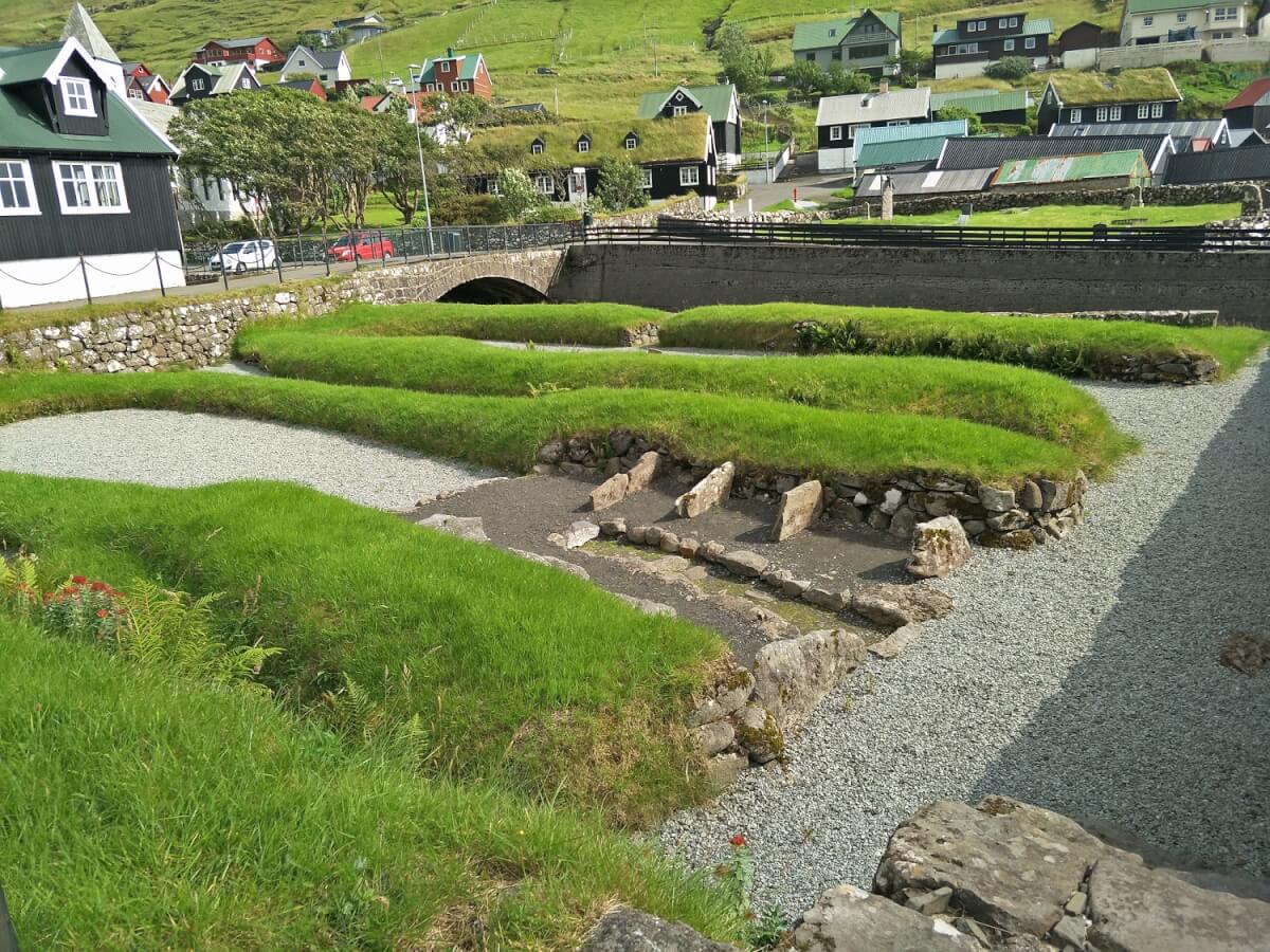 On the foreshore were the buried remains of Viking settlement with long houses visible under the turf. Viking ruins in Faroe Islands
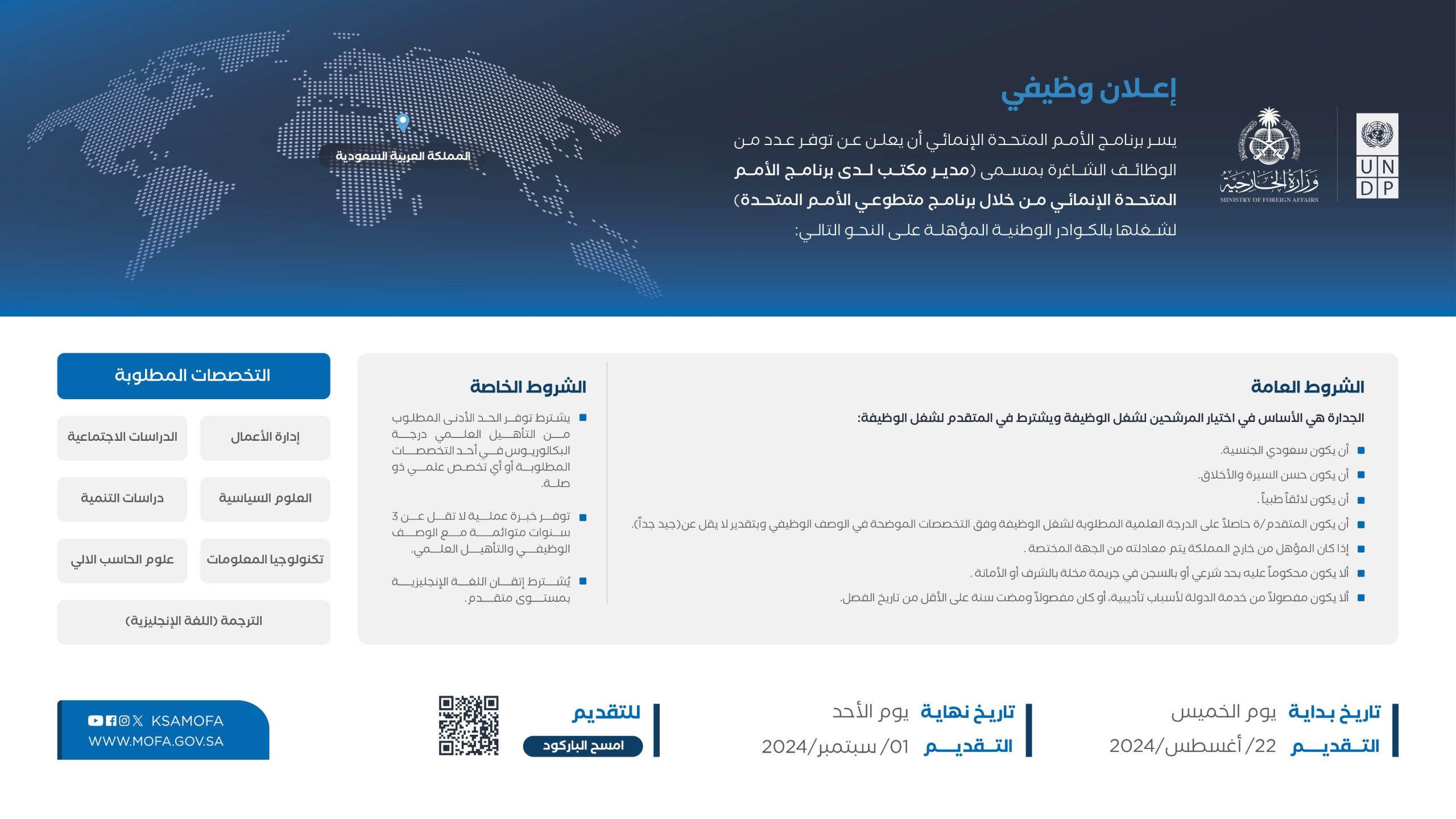 صراحة – الرياض : أعلنت وزارة الخارجية عن توفر وظائف شاغرة بمسمى (مدير مكتب لدى برنامج الأمم المتحدة الإنمائي من خلال برنامج متطوعي الأمم المتحدة) لشغلها بالكوادر الوطنية المؤهلة.
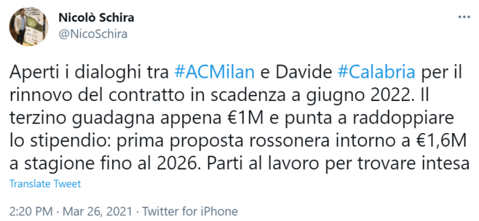 记者: 米兰为卡拉布里亚开新合同, 年薪160万欧
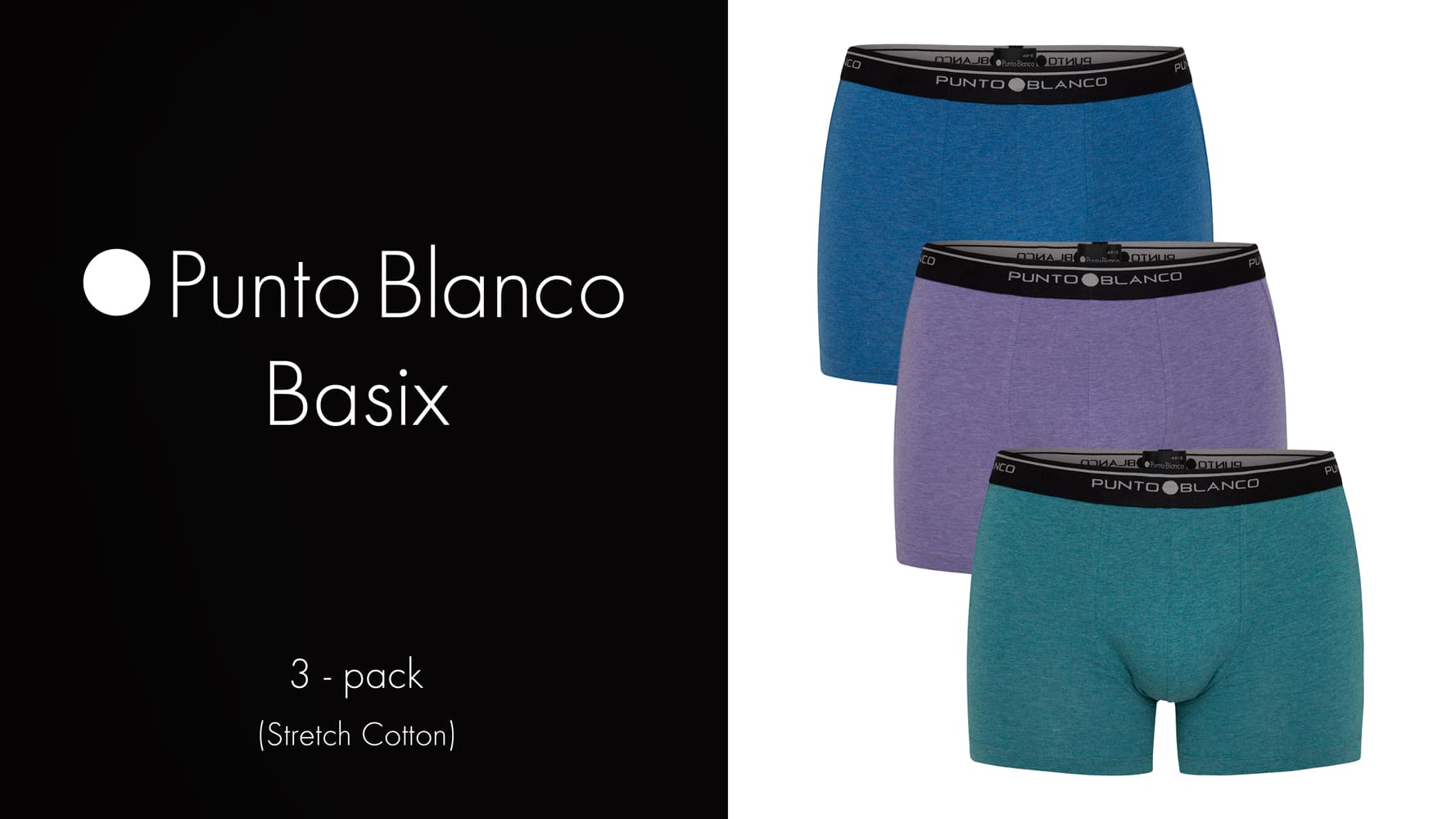 De Basix serie staat voor eenvoud; goed ondergoed en voordelig geprijsd. De Basix zit al jaren in het assortiment van Punto Blanco en heeft zichzelf dan ook al overtuigend bewezen. Met de Basix Boxer Briefs koop je een goede degelijke boxer, geschikt voor alledaags gebruik. De Basix boxers zijn gemaakt van 93/7 stretch katoen voor een comfortabele fit die langer behouden blijft. Dit voordeelpack beschikt over 3 boxers in diverse kleurcombinaties met een contrasterende elastische heupband met daarop het Punto Blanco logo rondom. Het logo is aan de voorzijde niet gecentreerd.
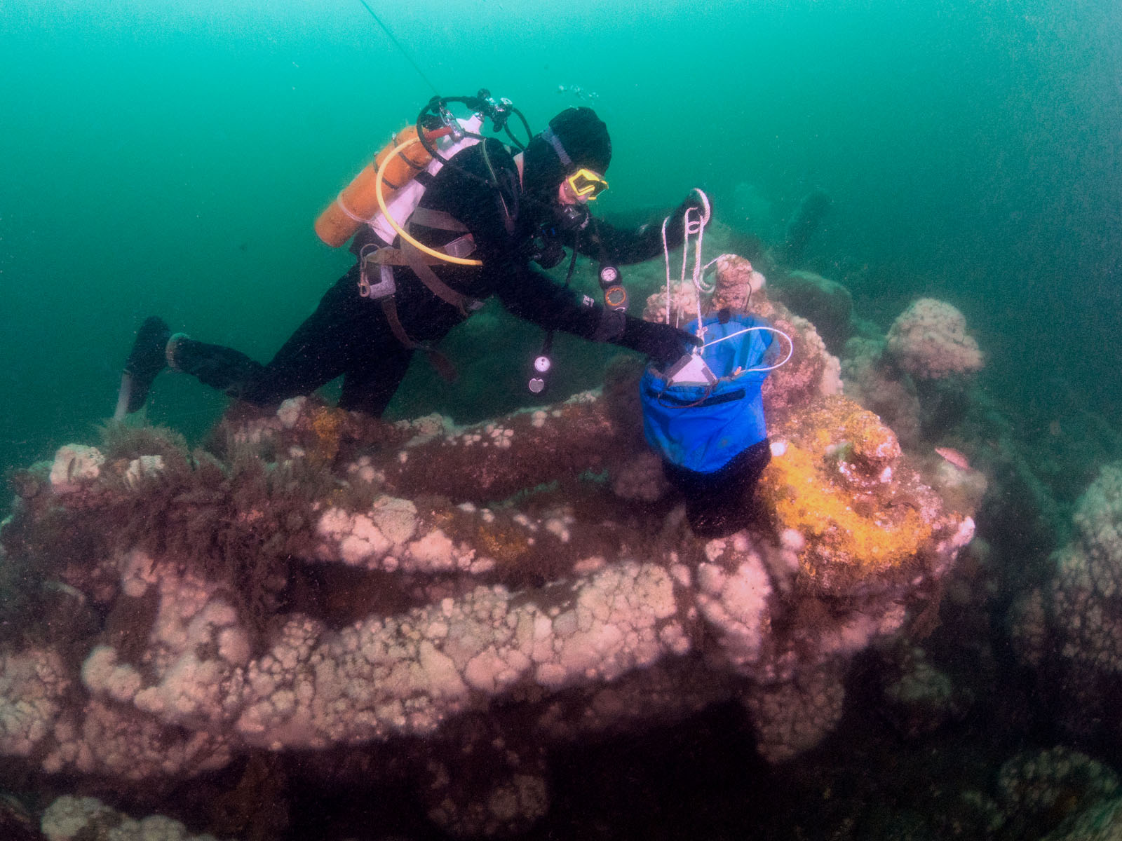 Harry Roecker maps the Robert J. Walker, sunk on June 21, 1860 in the Atlantic Ocean approximately ten miles off the coast of Atlantic City, New Jersey, USA. The ship collided with a commercial schooner. The ship sunk within an hour and 20 of the 66 crew members died. The RJ Walker is an iron-hulled steam paddle wheeler, 132' long and now lies in 90' of water. The photo was taken as part of the Robert J. Walker Shipwreck Mapping Project.
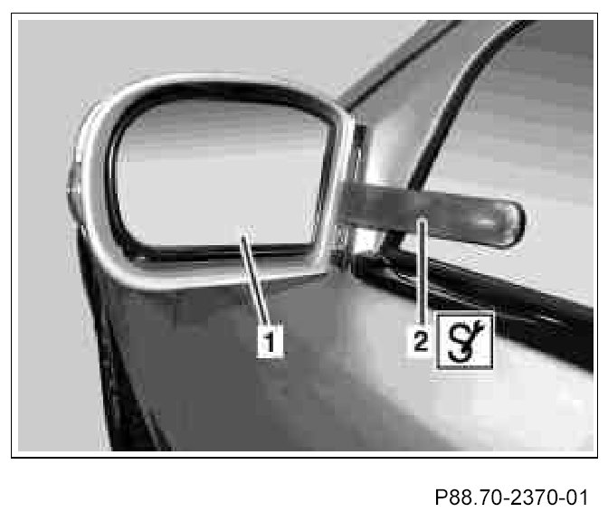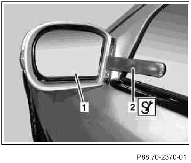 1. Fold outside mirror (1) toward front by hand and secure with mounting wedge (2) against folding back.
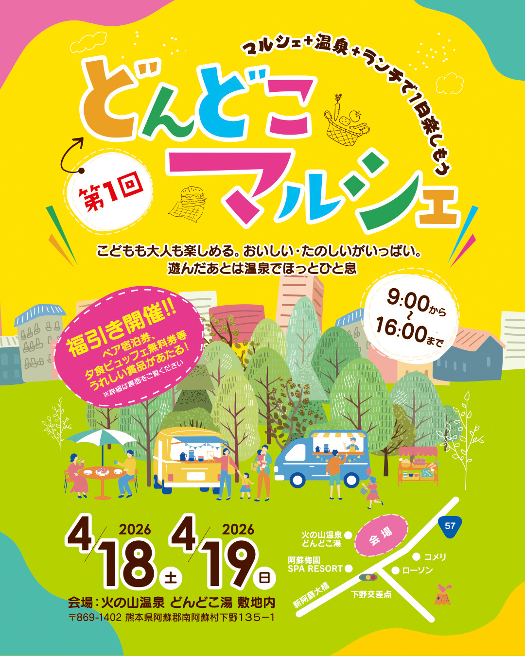 「火の山温泉どんどこ湯」でマルシェ+温泉+ランチと1日楽しめるイベントが開催!

━━━━━━━━━━━━━━━━━━━━

Aim of the task:
Your answer must be the records exactly as they stand, with no pictures in it.

Task response:
 On the foreshore were the buried remains of Viking settlement with long houses visible under the turf. Viking ruins in Faroe Islands
 صراحة – الرياض : أعلنت وزارة الخارجية عن توفر وظائف شاغرة بمسمى (مدير مكتب لدى برنامج الأمم المتحدة الإنمائي من خلال برنامج متطوعي الأمم المتحدة) لشغلها بالكوادر الوطنية المؤهلة.
 记者: 米兰为卡拉布里亚开新合同, 年薪160万欧
 De Basix serie staat voor eenvoud; goed ondergoed en voordelig geprijsd. De Basix zit al jaren in het assortiment van Punto Blanco en heeft zichzelf dan ook al overtuigend bewezen. Met de Basix Boxer Briefs koop je een goede degelijke boxer, geschikt voor alledaags gebruik. De Basix boxers zijn gemaakt van 93/7 stretch katoen voor een comfortabele fit die langer behouden blijft. Dit voordeelpack beschikt over 3 boxers in diverse kleurcombinaties met een contrasterende elastische heupband met daarop het Punto Blanco logo rondom. Het logo is aan de voorzijde niet gecentreerd.
 Harry Roecker maps the Robert J. Walker, sunk on June 21, 1860 in the Atlantic Ocean approximately ten miles off the coast of Atlantic City, New Jersey, USA. The ship collided with a commercial schooner. The ship sunk within an hour and 20 of the 66 crew members died. The RJ Walker is an iron-hulled steam paddle wheeler, 132' long and now lies in 90' of water. The photo was taken as part of the Robert J. Walker Shipwreck Mapping Project.
 1. Fold outside mirror (1) toward front by hand and secure with mounting wedge (2) against folding back.
 「火の山温泉どんどこ湯」でマルシェ+温泉+ランチと1日楽しめるイベントが開催!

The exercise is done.